From a safety perspective, there are two considerations that have yet to be addressed in the studies. Firstly, in order to 'replace' a dermatologist, an algorithm must be able to match the current gold standard for screening a patient's skin lesions. Currently, this is a clinical assessment by a dermatologist, who examines the lesion in the context of patient history and the rest of their skin. Published studies do not compare neural networks against this standard of assessment; they are only compared with dermatologists presented with dermoscopic or clinical images, sometimes with limited additional clinical information. Not only does this bias the studies against dermatologists, who are not trained or accustomed to make diagnoses without this information, it also represents a limiting factor in justifying their deployment in a clinical setting as a replacement for dermatologists. Fundamentally, it has not yet been demonstrated that they are equivalent to the standard of dermatological care currently provided to patients. A second important consideration is the fact that training data lack sufficient quantities of certain types of lesions, particularly the rarer presentations of malignancy, such as amelanotic melanoma.[15] It is not yet clear how algorithms will perform when presented with entirely novel, potentially malignant lesions; this has rare but significant safety implications for patients.

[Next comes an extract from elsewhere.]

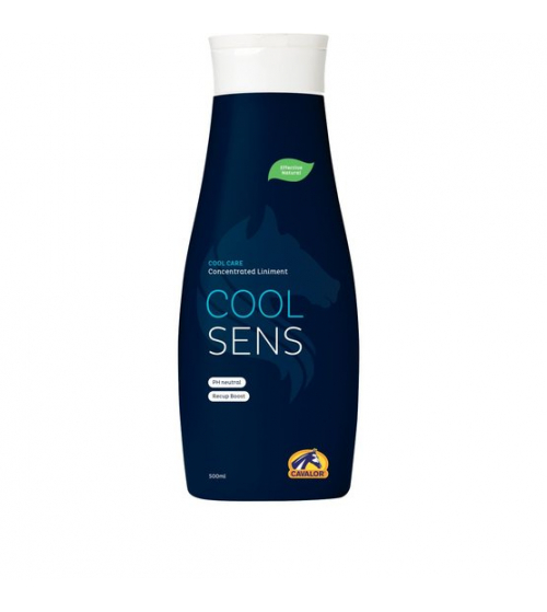 De Cavalor CoolSens is een geconcentreerde liniment die een mengsel van essentiële oliën bevat om het lichaam, de spieren en de benen van de paarden te wassen, verfrissen en te koelen.

From a legal perspective, an issue that has yet to be fully addressed is the lack of explainability by neural networks. Currently, it is not possible to know what contributes to their decision-making process. This has led to criticisms and concerns that neural networks function as 'black boxes' with potential unanticipated and hard-to-explain failure modes. The European Union's General Data Protection Requirement specifies explainability as a requirement for algorithmic decision making, which is currently not achievable.[26,27] Algorithmic decision making also has uncertain status in the USA, where the Food and Drug Administration have advised that until there exists a body of evidence from clinical trials, clinical decisions suggested by AI ought to be considered AI guided, not AI provided, and liability would still rest with the clinician.[28]